While the long-term benefits are clear, the journey to compliance – and experiencing those benefits – may seem long and complicated. But, with improved network visibility you’ll find it’s easier than you thought.

Eradicate blind spots

The regulation: organisations need to safeguard their supply chains and customers from increasing cyber attacks.

The solution: improve your network visibility to reveal blind spots and protect against attack.
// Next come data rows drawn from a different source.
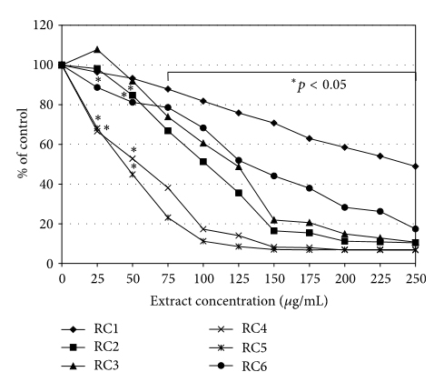 A DPPH szabadgyökfogó tevékenysége. A Rubus caesius kivonatokkal redukált gyökök %-os aránya a tiszta metanolos tevékenységhez viszonyítva nem-reduktív kontroll beállításokhoz képest (0%-os redukció) beállítva
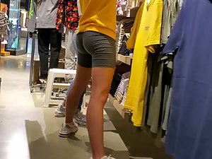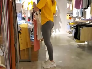 When a voyeur shops for clothes, you can be sure that the clothes is actually the last thing on his mind. This guy entered a clothes store that has a bunch of hot girls working there and he made sure to be a demanding customer that gets them to walk around while he keeps filming their pretty faces and lovely round asses with his candid camera. All the girls in yellow shirts are employed by the store and he examined them all.
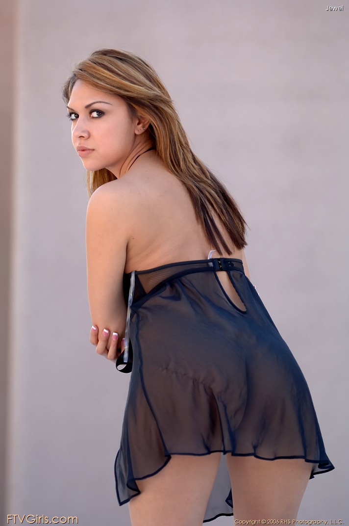 Jessica Jules posing in her cute see through dress and shows her perfect natural tits.

The high volume of sensitive data the financial services sector holds makes it the ideal target for cyber attackers – receiving the second highest level of attacks worldwide in 2023.
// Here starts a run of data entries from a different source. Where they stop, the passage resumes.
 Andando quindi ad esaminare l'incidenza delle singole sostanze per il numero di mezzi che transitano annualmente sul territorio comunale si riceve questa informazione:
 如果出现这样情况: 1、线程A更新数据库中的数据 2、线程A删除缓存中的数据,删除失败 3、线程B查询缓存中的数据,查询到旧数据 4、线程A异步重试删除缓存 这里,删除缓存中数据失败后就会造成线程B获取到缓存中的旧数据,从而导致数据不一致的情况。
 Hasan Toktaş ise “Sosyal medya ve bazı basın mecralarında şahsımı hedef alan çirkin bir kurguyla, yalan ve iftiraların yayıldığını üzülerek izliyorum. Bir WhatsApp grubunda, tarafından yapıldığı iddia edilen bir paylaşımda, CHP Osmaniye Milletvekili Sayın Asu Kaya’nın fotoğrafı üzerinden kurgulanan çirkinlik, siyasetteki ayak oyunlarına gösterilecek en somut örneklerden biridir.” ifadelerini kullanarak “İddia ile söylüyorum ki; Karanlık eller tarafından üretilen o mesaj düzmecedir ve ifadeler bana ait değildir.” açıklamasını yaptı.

To safeguard your customers from attack you need effective systems and processes in place to ensure you’re always one step ahead of bad actors. The simplest way to do this is to improve your network visibility so you have clear oversight over your entire network, including any blind spots.

With this detailed insight into data traffic and network activity, you can identify and mitigate potential security threats before they cause significant disruption. By taking a proactive approach to security, you’ll meet DORA’s requirements for robust risk management.

How we can help: Gigamon Precryption provides you with the operational resilience you need to meet DORA requirements. With comprehensive visibility across your organisation's entire network, Precryption eliminates blind spots by revealing concealed threat activity and anomalous data before it hits an encryption library and moves on to your network. In other words, it stops threats before they can get a foot in the door.

Test regularly

The regulation: Organisations should implement resiliency testing programs based on their risk assessments.

The solution: Conduct regular stress tests to identify weaknesses, vulnerabilities and failures.

The threat landscape is constantly evolving so it’s vital that you’re up to date with the latest risks and regularly test your ability to defend against them.

Financial services organisations have long been on high alert for ransomware attacks, but cyber extortion is expected to be more common in 2024 –there’s always a new threat lurking around the corner hoping to exploit a weakness.

But you can strengthen your defences by conducting regular risk assessments to identity vulnerabilities before bad actors discover them. With improved network visibility, your risk assessments will be more accurate, and you’ll be able to create stronger resiliency testing programs.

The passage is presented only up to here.